Model is the collection of files required to perform a single base inference pass.
Model has the following structure:
- Source—Where the AI model lives.
- Model—Logical entity (like "sentiment-analyzer").
- ModelVersion—Specific AI model version (like "v1.2.3").
- Files—Artifacts of that AI model version.
Models are the foundational asset of AI/ML workloads and already power many of your
key systems in use today. AI model security focuses on securing your models against
threats like:
- Deserialization Threats: Protecting your models from executing malicious and unknown code at load time.
- Neural Backdoors: Detecting Manchurian Candidate like models.
- Runtime Threats: Protecting your models from executing malicious and unknown code at inference time.
- Invalid Licenses: Ensuring that your models are not using invalid licenses.
- Insecure Formats: Ensuring that your models use formats that help prevent threats.
What is AI Model Security?
AI Model Security is an enterprise application designed to enforce comprehensive
security standards for both internal and external machine learning models deployed
in production environments. The application addresses a critical gap in
organizational security practices where machine learning models, despite their
significant impact on business operations, often lack the rigorous security
validation that is standard for other data inputs and systems.
In most enterprise environments, traditional data inputs such as PDF files undergo
extensive security scrutiny before processing, yet machine learning models that
drive critical business decisions frequently bypass equivalent security measures.
This disparity creates substantial operational risk, as compromised or inadequately
validated models can impact business logic, data integrity, and decision-making
processes. AI Model Security solves this problem by providing comprehensive model
validation through automated security assessments, multi-source support for both
internally developed and third-party models, and proactive identification and
remediation of model-related security vulnerabilities.
By implementing AI Model Security, organizations can establish consistent security
standards across all ML model deployments, significantly reducing operational risk
from unvalidated or compromised models. It enables secure adoption of third-party ML
solutions while maintaining organizational security rules and industry compliance
standards. Additionally, it provides comprehensive audit trails and compliance
reporting capabilities, ensuring that AI Model Security assessments meet regulatory
requirements and internal governance standards.
Impact of model vulnerabilities
Models can execute arbitrary code and existing tooling is not checking that for you.

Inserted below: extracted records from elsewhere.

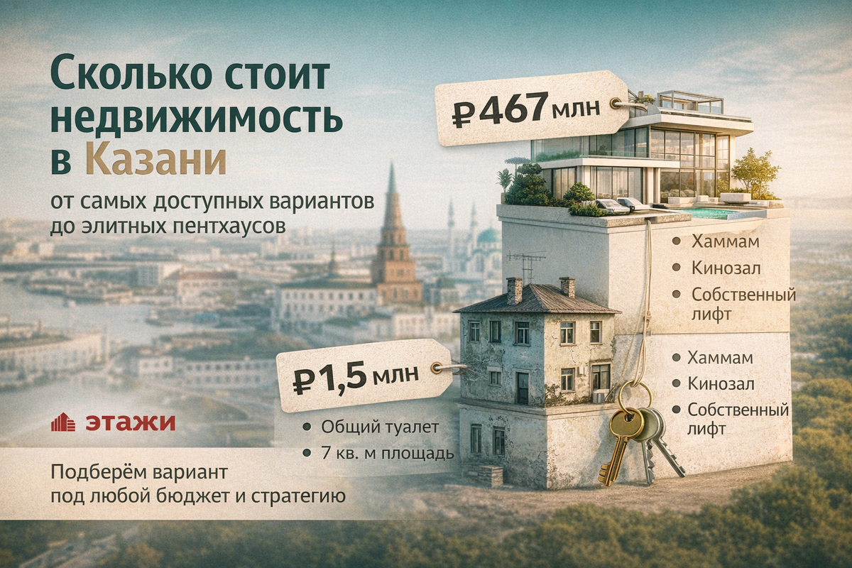 Рынок недвижимости Казани — это всегда контраст. В одном сегменте можно найти небольшие студии со статусом комнаты и общими зонами, а в другом — пентхаусы с собственным лифтом, хаммамом и видом на Кремль. Эксперты компании «Этажи» разобрали, сколько сегодня стоит жильё в городе, кто покупает разные форматы и какие объекты продаются быстрее. По данным открытых площадок, самые бюджетные предложения в Казани стартуют примерно от 1,5–1,8 млн рублей. Это, как правило: Такие квартиры чаще расположены в Кировском районе, Дербышках и локациях, удалённых от центра. В них редко встречается современный ремонт, но именно этот сегмент остаётся востребованным у покупателей с ограниченным бюджетом и инвесторов, которые планируют сделать обновление и сдавать объект в аренду. Кто покупает:
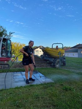 Zur selben Zeit wurde der Grundriss für die Pergola frei gebaggert wodurch wir anschließend betonieren konnten. Im Anschluss wurde das Dach fertig gestellt und der Boden mit Kies aufgefüllt.
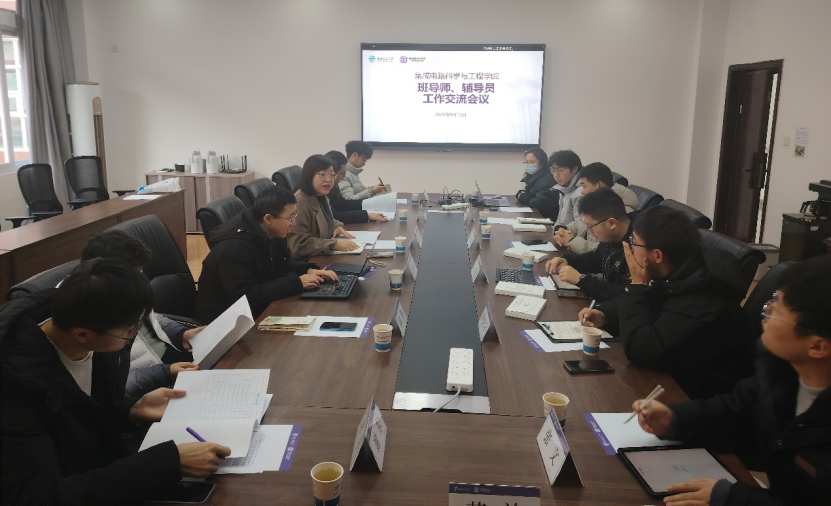 为深化落实立德树人根本任务,强化班导师在学生成长中的引领作用,1 月 13 日上午,学院于 X1408 会议室召开班导师工作交流会。学院党委副书记王燕、副院长邸志雄,班导师谢东、宾诚文、陈健、董金文,朋辈导师及辅导员、教务员共同参会,会议由王燕主持。

Models have been found at the root of cloud take over attacks, and can be used to
exfiltrate data, or even to execute ransomware attacks. The sensitivity of the data
that models are trained on and exposed to at inference time makes them a prime
target for attackers.
AI Model Security Core Components
AI Model Security enables you to have flexible controls to secure, validate, and
manage AI models across different sources through Security Groups,
Sources, Rules, and Scans.
AI Model Security delivers a comprehensive framework to establish and enforce
security standards for AI models across your organization. Unlike traditional
security tools that simply scan for malware, AI Model Security recognizes that AI
models require more nuanced security considerations that incorporate license
validation, file format verification, and context-specific security checks based on
the teams and environments using the models.
The AI Model Security approach moves beyond the simplified first-party versus
third-party model distinction to provide granular security controls that scale with
enterprise needs. This approach centers around four key components: Security
Groups, Sources, Rules, and Scans.
| Entity | Description | Examples |
|---|---|---|
| Security Groups | Serve as the foundation of your AI Model Security posture, allowing you to combine specific rules and requirements for models from a particular source. |
|
| Source | Each Security Group is assigned to a specific Source, which represents where model artifacts reside, such as Hugging Face for external models or Local Storage and Object Storage for internal models. The source designation is crucial as it provides metadata that powers specific security rules applicable to models from that source. |
|
| Rules | Within each Security Group, you configure Rules that define the specific evaluations performed on models. Rules can verify proper licensing, check for approved file formats, scan for malicious code, and detect architectural backdoors. Each Rule can be enabled or disabled and configured as blocking or non-blocking, giving you precise control over which security issues prevent model usage versus those that simply generate warnings. |
|
| Scan | When models are evaluated against these Rules, a Scan is
performed, documenting the verdict across all rules. These Scans
create an audit trail of security evaluations and serve as decision
points to either promote secure models forward or block potentially
threatening ones early in your workflow. Here's what a typical
scan will look like:
| Scan of fraud-detector:v2.1.0 using S3-Production group |
AI Model Security leverages rules to help organizations establish sophisticated,
scalable security frameworks tailored to their specific requirements. This flexible
approach enables teams to enforce strict blocking mechanisms for high-severity
threats while maintaining non-disruptive alerting for compliance monitoring—allowing
security teams to effectively manage risk without hindering developer productivity.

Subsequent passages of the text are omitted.